Given data =>
>>>>

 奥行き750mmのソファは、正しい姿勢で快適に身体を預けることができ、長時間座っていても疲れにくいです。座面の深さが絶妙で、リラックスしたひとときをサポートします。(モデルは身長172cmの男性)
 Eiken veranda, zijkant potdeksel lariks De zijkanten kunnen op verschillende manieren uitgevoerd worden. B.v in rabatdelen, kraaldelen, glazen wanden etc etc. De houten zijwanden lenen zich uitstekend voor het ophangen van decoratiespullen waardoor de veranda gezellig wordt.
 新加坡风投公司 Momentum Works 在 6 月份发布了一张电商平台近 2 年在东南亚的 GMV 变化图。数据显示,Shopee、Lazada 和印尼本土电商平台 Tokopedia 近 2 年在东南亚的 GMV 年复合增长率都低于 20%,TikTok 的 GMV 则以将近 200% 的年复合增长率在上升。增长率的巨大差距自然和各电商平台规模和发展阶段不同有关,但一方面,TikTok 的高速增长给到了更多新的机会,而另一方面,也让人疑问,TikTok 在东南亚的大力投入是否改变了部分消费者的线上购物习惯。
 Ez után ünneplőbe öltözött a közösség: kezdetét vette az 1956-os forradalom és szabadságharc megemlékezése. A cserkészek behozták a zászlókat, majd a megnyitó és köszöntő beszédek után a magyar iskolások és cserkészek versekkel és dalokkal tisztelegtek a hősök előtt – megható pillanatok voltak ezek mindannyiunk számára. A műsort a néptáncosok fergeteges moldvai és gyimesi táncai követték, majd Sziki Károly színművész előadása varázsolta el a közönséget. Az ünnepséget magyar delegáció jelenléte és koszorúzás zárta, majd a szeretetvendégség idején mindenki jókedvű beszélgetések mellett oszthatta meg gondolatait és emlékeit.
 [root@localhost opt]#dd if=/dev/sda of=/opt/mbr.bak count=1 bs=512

<<<<
>>>>

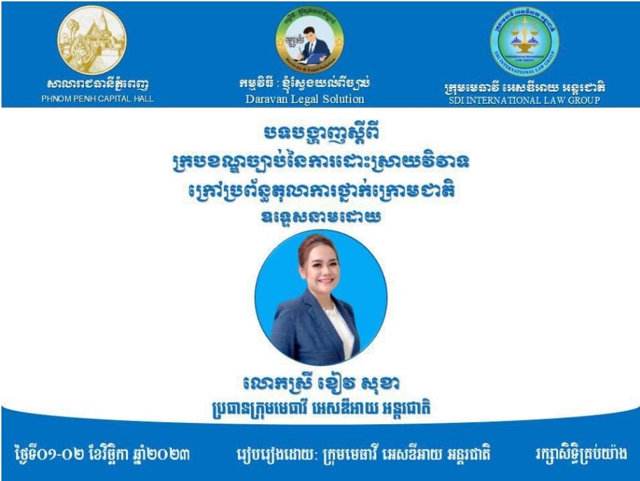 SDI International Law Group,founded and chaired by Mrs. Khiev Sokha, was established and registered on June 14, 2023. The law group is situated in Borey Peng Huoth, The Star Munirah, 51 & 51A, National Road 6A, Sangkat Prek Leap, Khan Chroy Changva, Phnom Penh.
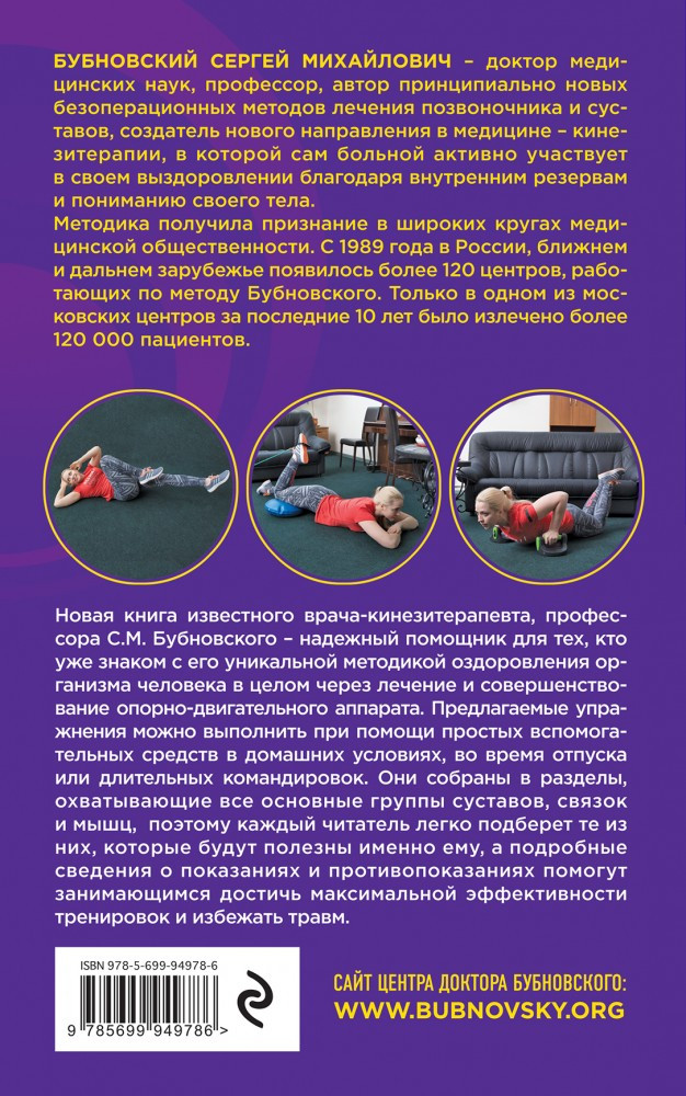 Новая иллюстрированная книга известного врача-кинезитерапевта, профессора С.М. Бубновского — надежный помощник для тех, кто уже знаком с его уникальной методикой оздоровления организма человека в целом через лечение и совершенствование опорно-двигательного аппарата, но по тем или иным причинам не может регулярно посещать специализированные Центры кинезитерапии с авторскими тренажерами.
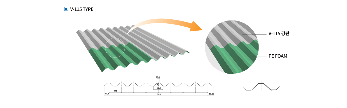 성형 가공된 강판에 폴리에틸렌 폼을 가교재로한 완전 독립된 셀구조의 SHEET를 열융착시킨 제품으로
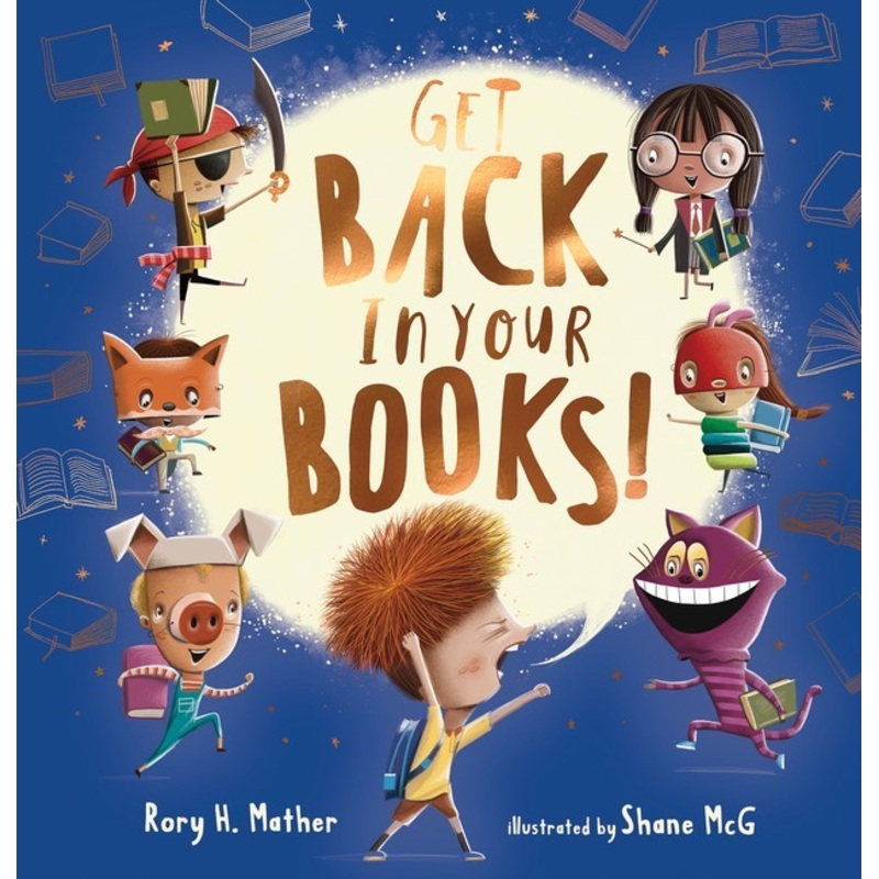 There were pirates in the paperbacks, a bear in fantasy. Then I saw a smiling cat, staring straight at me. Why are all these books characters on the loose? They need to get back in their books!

<<<<
>>>>

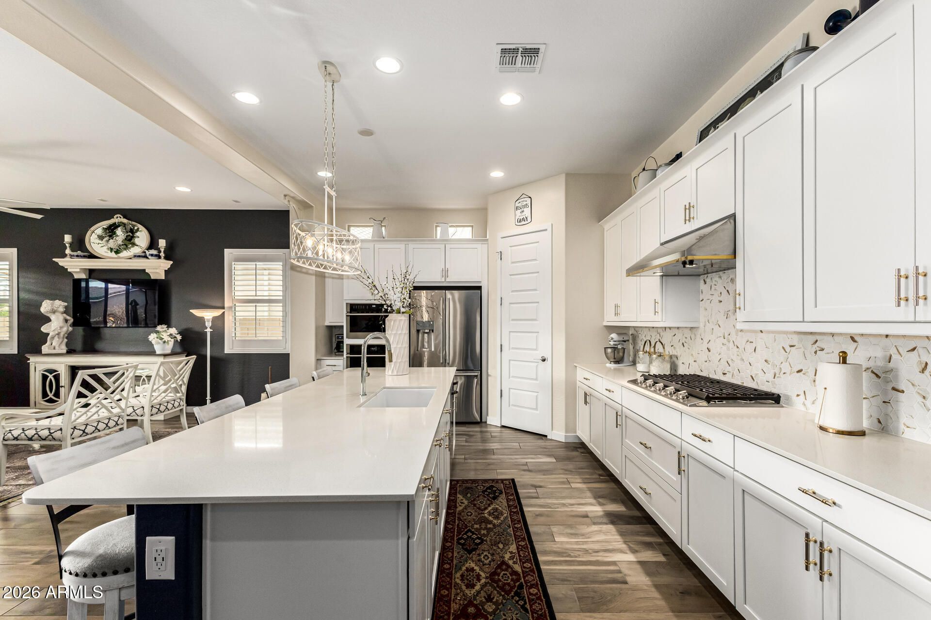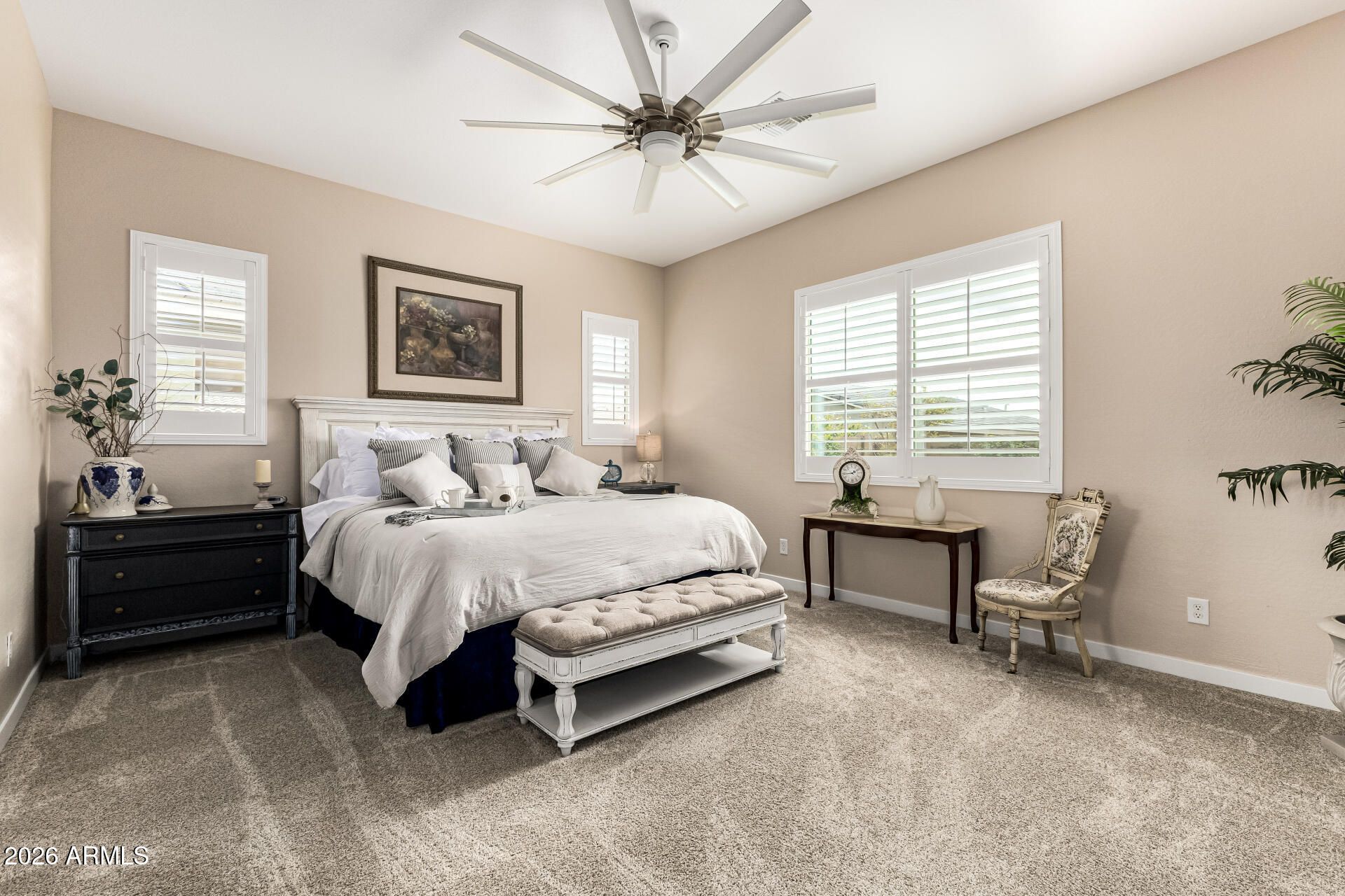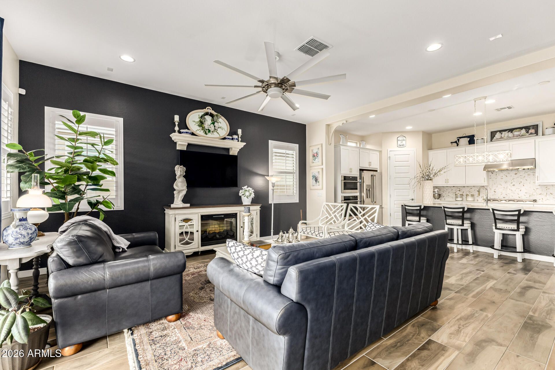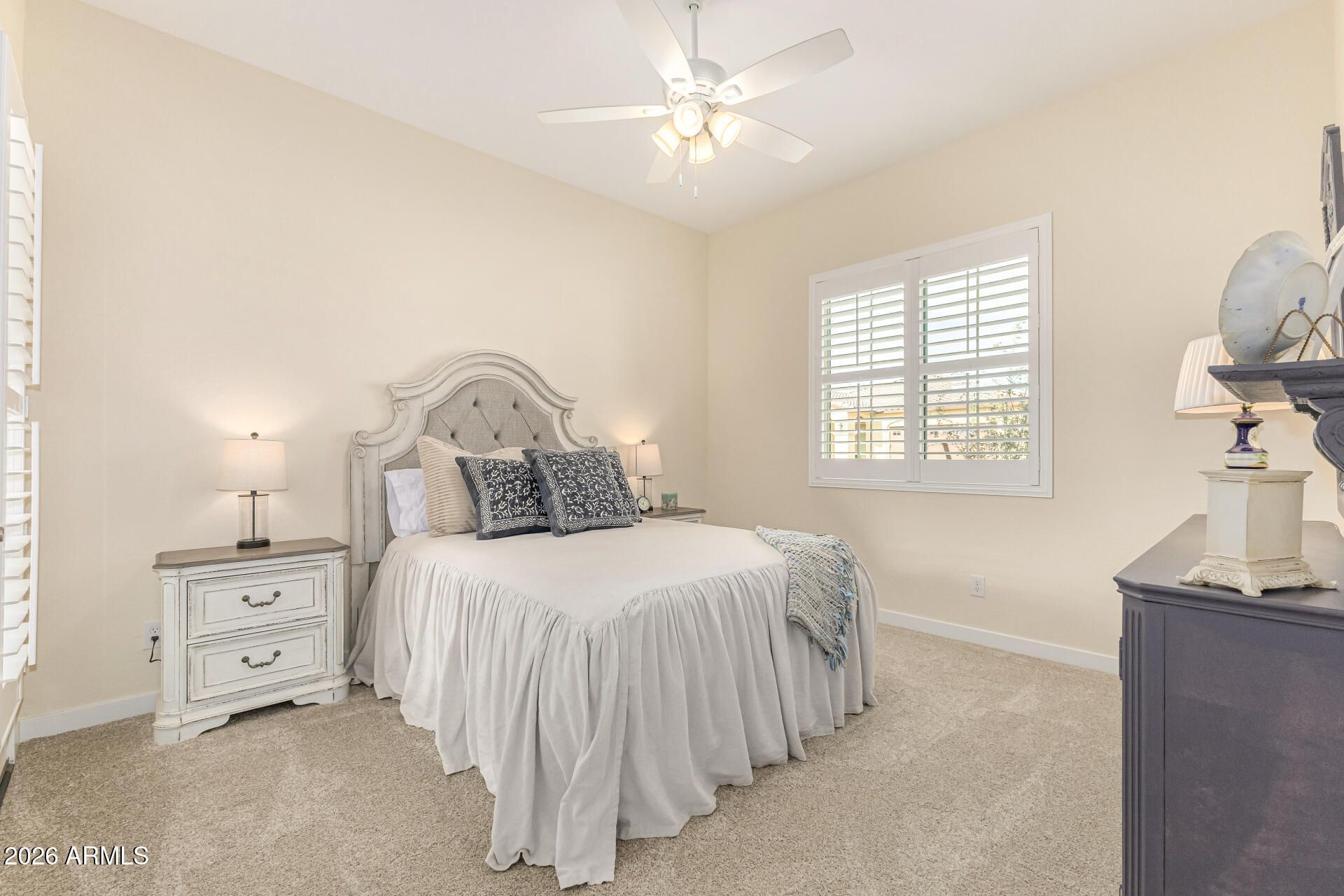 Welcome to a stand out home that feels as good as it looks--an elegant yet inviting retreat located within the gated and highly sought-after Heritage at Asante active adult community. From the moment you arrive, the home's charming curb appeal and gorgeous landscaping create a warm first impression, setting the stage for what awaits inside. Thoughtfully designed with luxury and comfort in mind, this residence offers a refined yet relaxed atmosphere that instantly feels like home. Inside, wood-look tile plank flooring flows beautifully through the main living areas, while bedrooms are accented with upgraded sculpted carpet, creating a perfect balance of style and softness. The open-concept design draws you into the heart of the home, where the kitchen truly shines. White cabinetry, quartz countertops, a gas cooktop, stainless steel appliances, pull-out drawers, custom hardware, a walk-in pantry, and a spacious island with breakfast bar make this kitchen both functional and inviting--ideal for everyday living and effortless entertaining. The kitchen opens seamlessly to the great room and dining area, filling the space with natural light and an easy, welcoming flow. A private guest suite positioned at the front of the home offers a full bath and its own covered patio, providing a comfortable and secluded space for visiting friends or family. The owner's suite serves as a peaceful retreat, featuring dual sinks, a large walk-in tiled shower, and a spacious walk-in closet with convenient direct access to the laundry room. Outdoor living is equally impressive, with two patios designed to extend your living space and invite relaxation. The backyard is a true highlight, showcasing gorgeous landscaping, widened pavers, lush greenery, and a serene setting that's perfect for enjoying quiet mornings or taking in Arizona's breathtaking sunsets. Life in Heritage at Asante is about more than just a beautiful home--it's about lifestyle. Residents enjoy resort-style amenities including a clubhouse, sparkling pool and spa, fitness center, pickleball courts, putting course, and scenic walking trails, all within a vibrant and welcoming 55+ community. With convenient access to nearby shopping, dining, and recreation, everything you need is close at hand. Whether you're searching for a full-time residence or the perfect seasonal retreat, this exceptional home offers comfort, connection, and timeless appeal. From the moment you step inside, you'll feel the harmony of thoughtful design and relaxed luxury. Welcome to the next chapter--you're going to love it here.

<<<<

Aim of the task => Please output the lines of the listing above that fall in the stretch from the one with "奥行き750mmのソファは、" through the one with "Eiken veranda, zijkant", exactly and only those.

Expected answer =>
 奥行き750mmのソファは、正しい姿勢で快適に身体を預けることができ、長時間座っていても疲れにくいです。座面の深さが絶妙で、リラックスしたひとときをサポートします。(モデルは身長172cmの男性)
 Eiken veranda, zijkant potdeksel lariks De zijkanten kunnen op verschillende manieren uitgevoerd worden. B.v in rabatdelen, kraaldelen, glazen wanden etc etc. De houten zijwanden lenen zich uitstekend voor het ophangen van decoratiespullen waardoor de veranda gezellig wordt.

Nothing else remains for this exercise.